Em Cristo Jesus, Deus demonstra a sua justiça e cumpre as suas promessas de ser uma bênção para Israel e, através de Israel, abençoar todas as nações. Como essas promessas são cumpridas histórica e teologicamente — começando com Abraão e continuando através dos profetas — é o tema de Romanos 9–11.

1. Resumo

Em síntese, o argumento se desdobra assim: Romanos 9.1-5 estabelece o palco de todo o argumento dos capítulos 9–11, ainda que em ordem um pouco diferente (ver a tabela a seguir).
Comparação Temática de Romanos 9.1- 5 com Romanos 9.6–11.36
9.1-3 A descrença de Israel e a fidelidade de Deus 11.1-32
9.4-5a A verdadeira identidade de Israel 9.6-29
9.5b Jesus Cristo, a chave hermenêutica 9.6-10.21
9.5c Doxologia 11.33-36

Primeiramente, a dor que Paulo expressa em 9.1-3 antecipa a pergunta sugerida no final (e no clímax) da capítulo 8. O clímax é que nada poderá nos separar do amor de Deus que está em Cristo Jesus nosso Senhor. A pergunta que esse clímax levanta pode ser parafraseada da seguinte maneira: "E o povo da aliança do próprio Deus? Se as bênçãos de Deus elaboradas nos capítulos 1-8 estão agora livremente disponíveis aos gentios, não são mais ‘a adoção, a glória, as alianças, a legislação, o culto e as promessas’ ( 9.4)(59) possessão, por direito, de Israel?" Mas é somente depois de ser provocada mais uma vez em 10.18-21 que a pergunta será feita claramente em 11.1: "Pergunto então, Deus rejeitou o seu povo?"(60)
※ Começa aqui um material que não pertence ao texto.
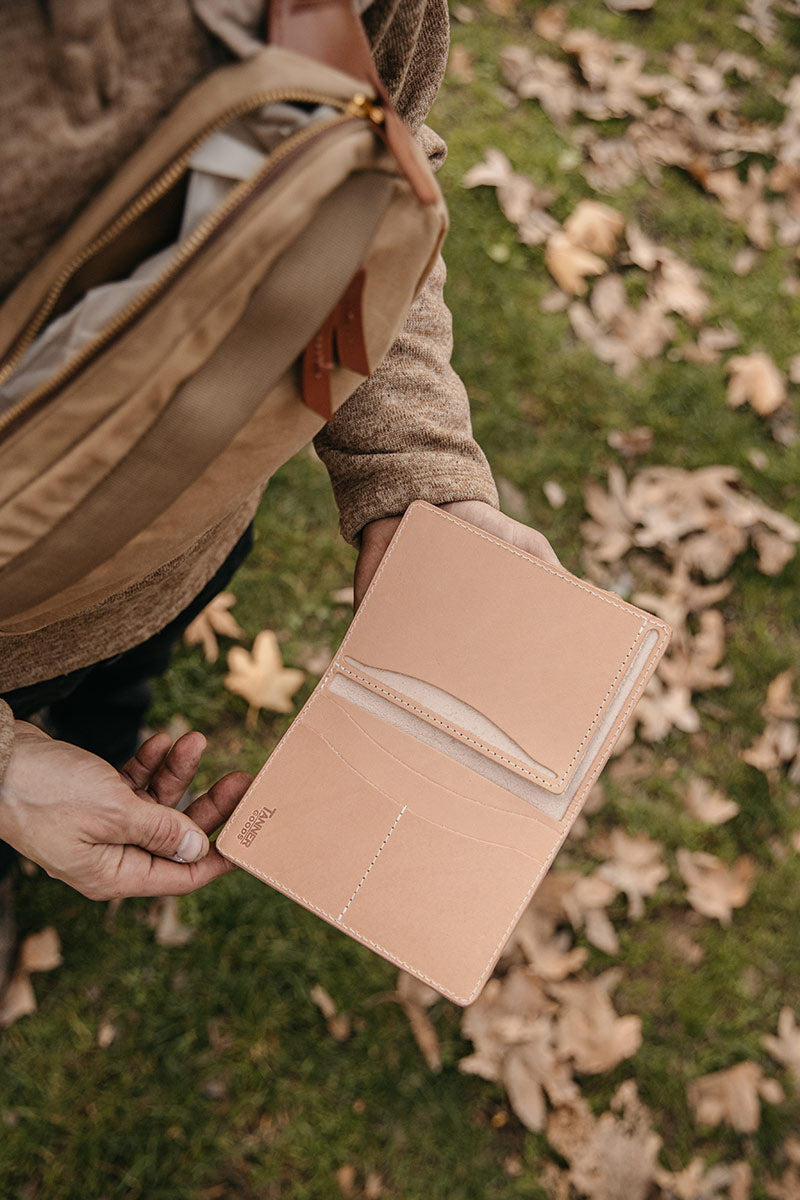 Constructed from 3.5 oz. vegetable tanned Meridian English Bridle leather, our Travel Wallet is thin yet robust in feel. Each wallet is burnished, dyed, waxed, and stamped with our signature maker's mark.

A resposta desta pergunta é o enfoque de 11.1-32 e se explica através da referência ao princípio do remanescente. Um remanescente crente e fiel de judeus está sendo salvo e isto representa o cumprimento das promessas de Deus; por essa razão, Deus está vindicado de todas as acusações de infidelidade dentro da interpretação paulina do evangelho.(61)
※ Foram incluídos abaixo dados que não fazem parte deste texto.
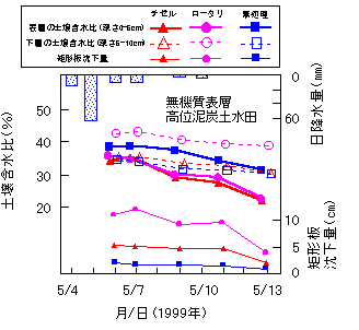 図3 降雨後の土壌含水比と矩形板沈下量の推移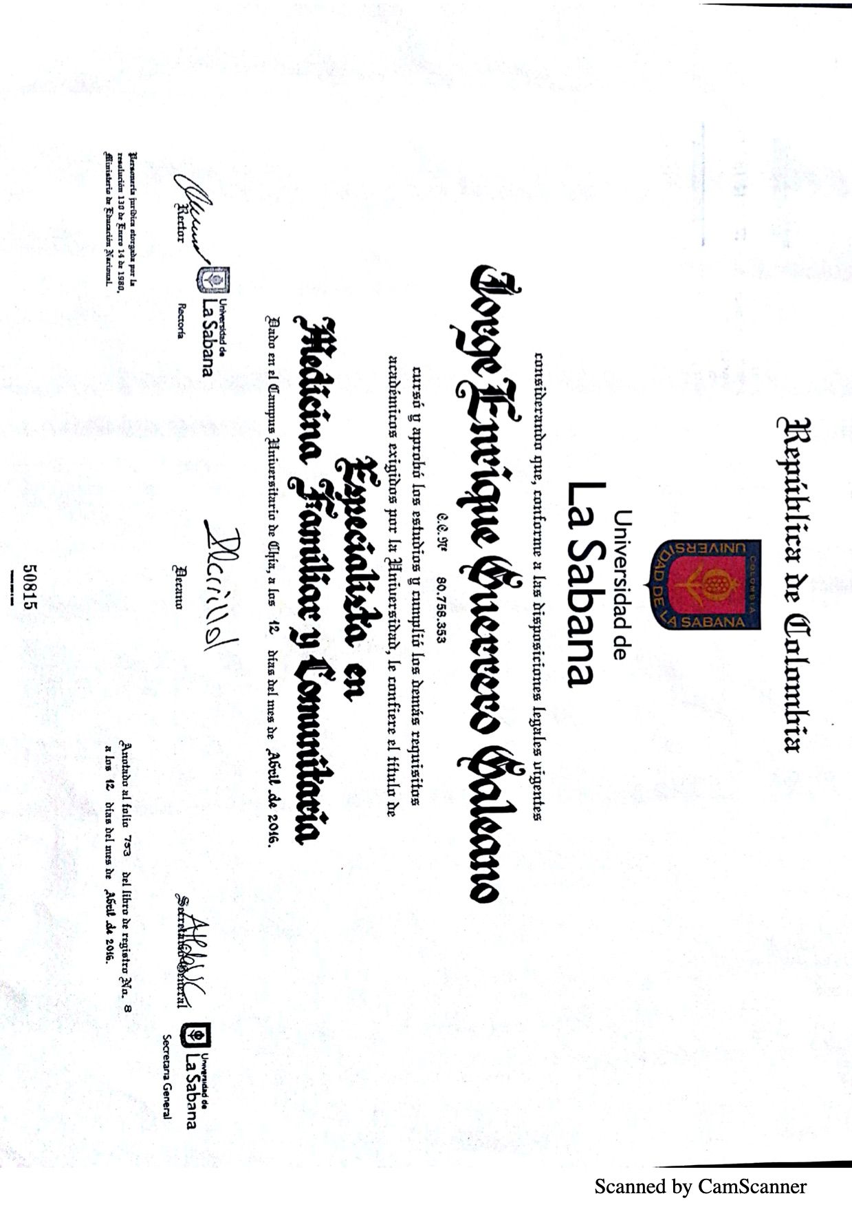 ¿Cuáles son las especialidades principales de Jorge Guerrero ?Jorge Guerrero es Especialista en Medicina Familiar. Te mostramos algunos de los servicios que ofrece gracias a su trayectoria y su amplia experiencia: Consulta en línea, Visita Medicina Familiar, Visita domiciliaria Medicina Familiar, Sueroterapia, Control medicina familiar presencial, Control medicina familiar virtual.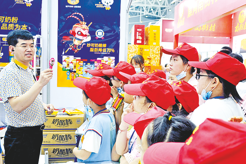 在来自郑州妙可奶业展台前,小记者对各类包装精美的奶酪棒产生了兴趣,主动向客商询问这些奶酪棒的品种和特点。闻到海南产的特色饮品“正宗椰汁”飘出的香味,小记者们忍不住咽了下口水,但是大家还是记录了相关内容后才在客商的盛情邀请下品尝了一番。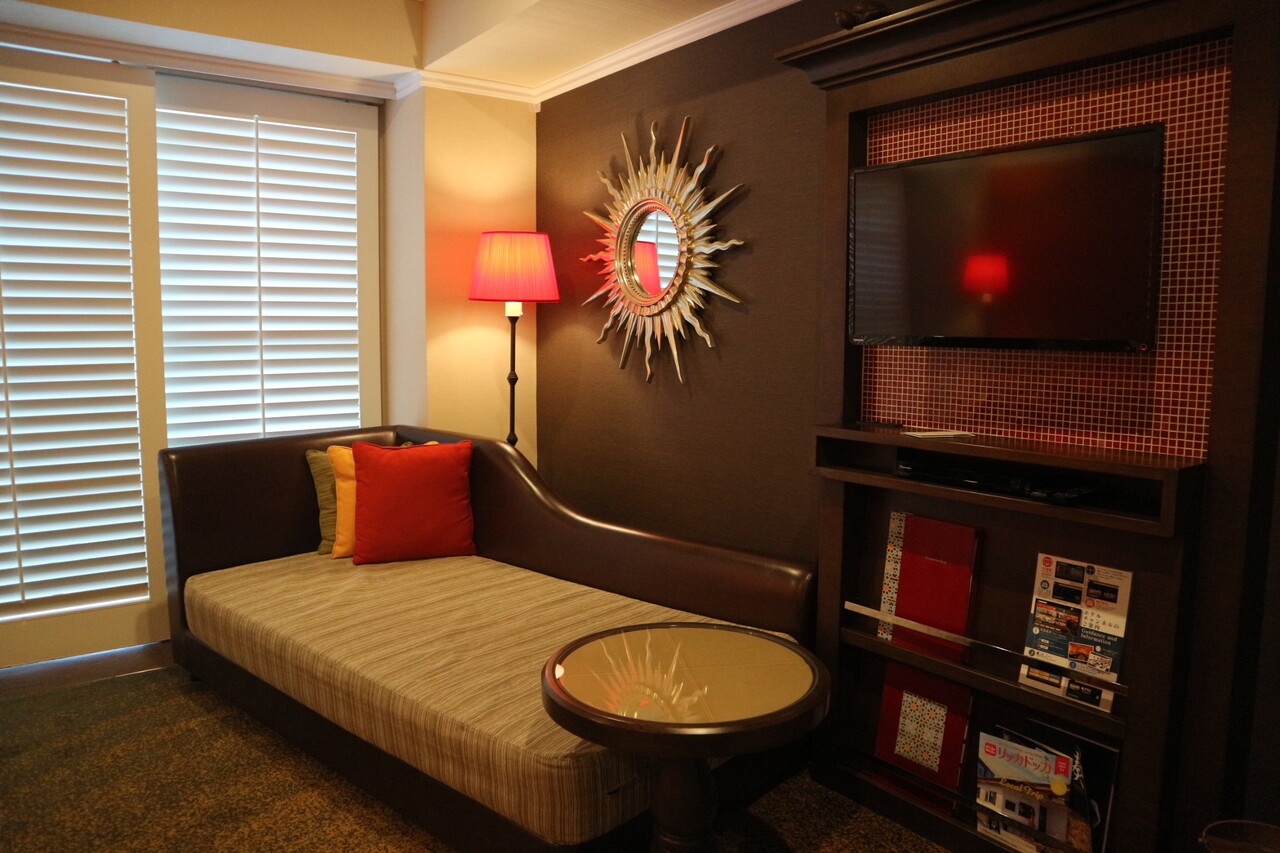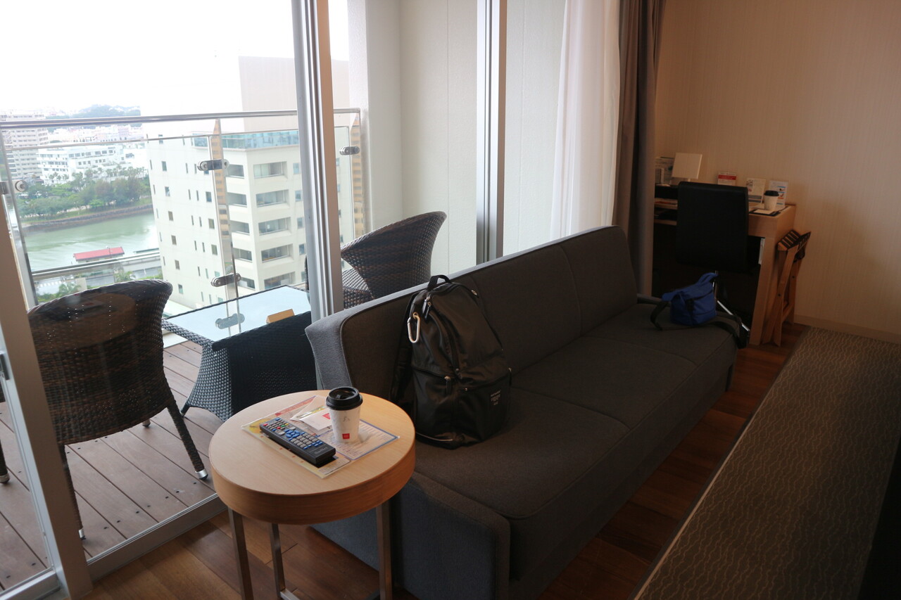 翌朝、那覇空港に向かう為に駅直結のホテルを選びました。旭橋駅から長い連絡通路を5分ぐらいかかります。ホテルが見えてこないのでかなり長く感じました。ビジネスホテルですが、ゆっくりしたかったのでデラックスタイプの部屋にしました。バルコニーにソファーがありゆっくりできました。国際通りにも徒歩で移動できます。

Em segundo lugar, a lista de privilégios de 9.4 levanta mais uma pergunta: "Exatamente quem é o Israel de Deus?" Esta é uma pergunta sectária natural e comum na literatura apocalíptica. A pergunta é respondida inicialmente através de um panorama histórico em 9.6-29 que trata da fidelidade que a aliança exige, e finalmente através de uma exposição sobre o meio pelo qual Deus justifica em 9.30-33, este meio sendo a pedra de Sião, que assegura a vindicação divina. A eleição não é questão de descendência física e Deus não é inconsistente quando elege os filhos espirituais de Abraão, inclusive os gentios (9.24).(62)
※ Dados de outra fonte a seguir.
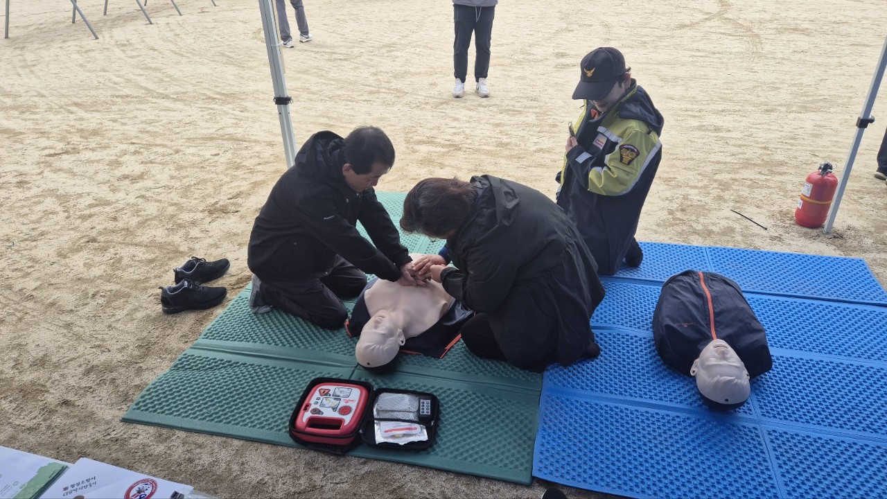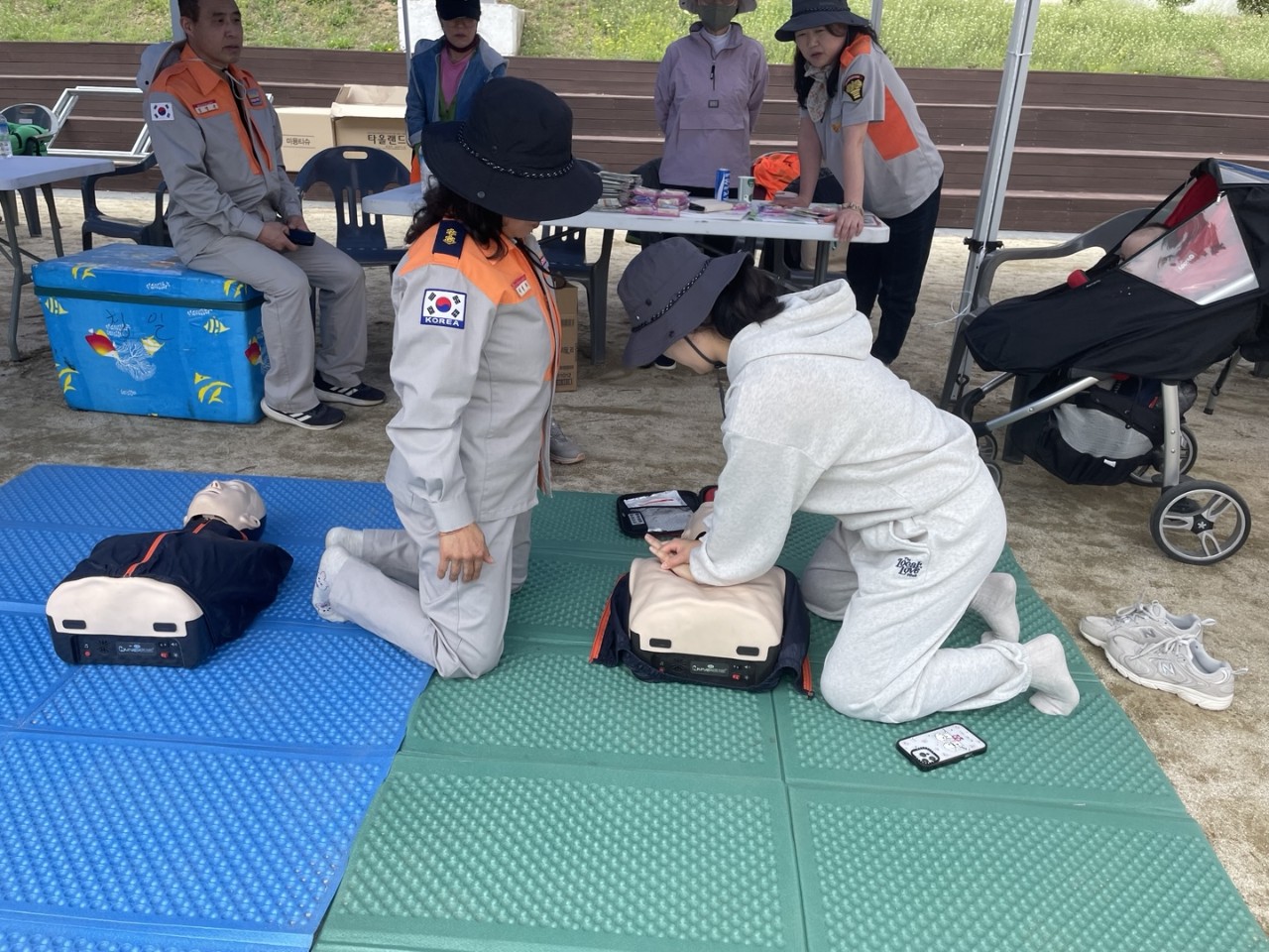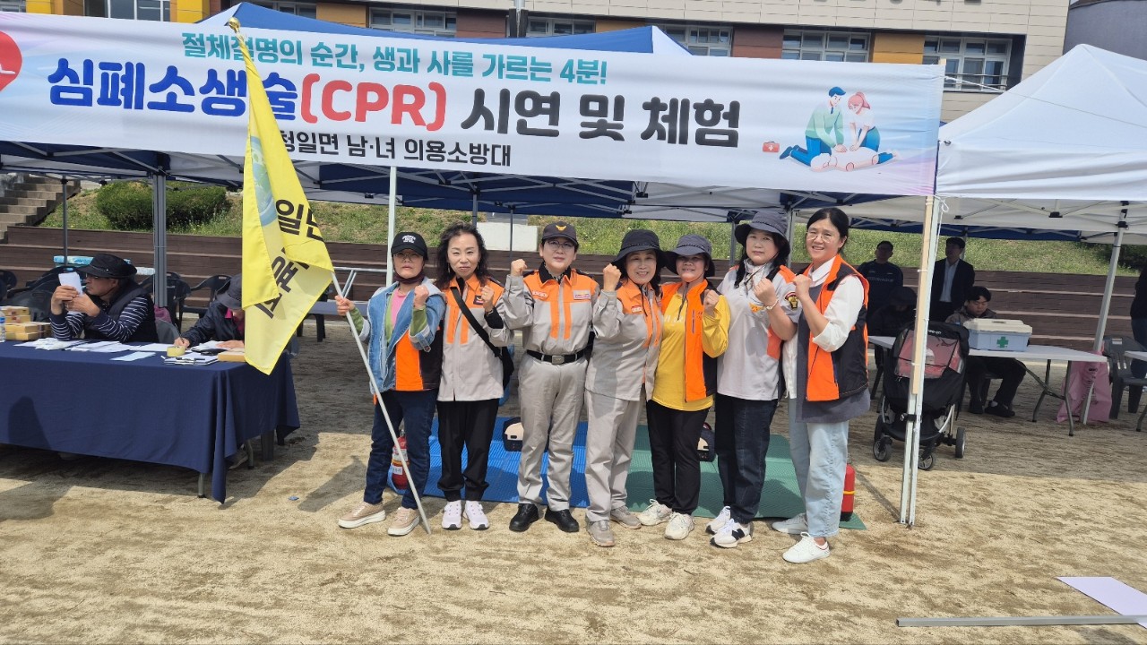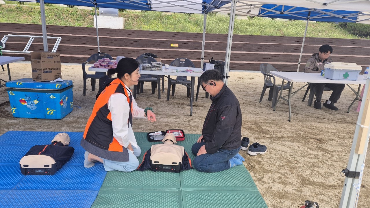 청일여성의용소방대는 4월 18일 청일면민체육대회 현장에서 주민들을 대상으로 한 심폐소생술(CPR) 시연 및 체험 부스를 운영했습니다.

Em terceiro lugar, o maior privilégio judeu em 9.5, o surgimento do Messias ("sobre todos"), que é a chave para a questão da justiça de Deus ("Deus bendito para todo o sempre"), torna-se o tema da afirmação central de 9.30-10.21 em 10.3s, que, por sua vez, não deixa dúvida a respeito da identidade última da pedra de Sião, (63) mencionada poucos versículos antes.(64) Portanto, a justiça de alguém (tanto judeu quanto gentio,(65) 10.4, 12s) vem somente através de fé em Jesus Cristo (10.5-8, como foi o caso ao longo dos capítulos 1-8), especificamente através da crença na sua morte e ressurreição (10.9-13), o alvo da lei ou o clímax da aliança,(66) que, então, exige a devida notificação (10.14-17).

Finalmente, a bênção de 9.5b em referência ao Messias em 9.5a, "Deus bendito para todo o sempre, Amém," é expandida na doxologia elaborada de 11.33-36, também precedida de uma referência ao "Libertador de Sião" (11.26). Este é, portanto, o formato básico de Romanos 9–11 que 9.1-5 já antecipa.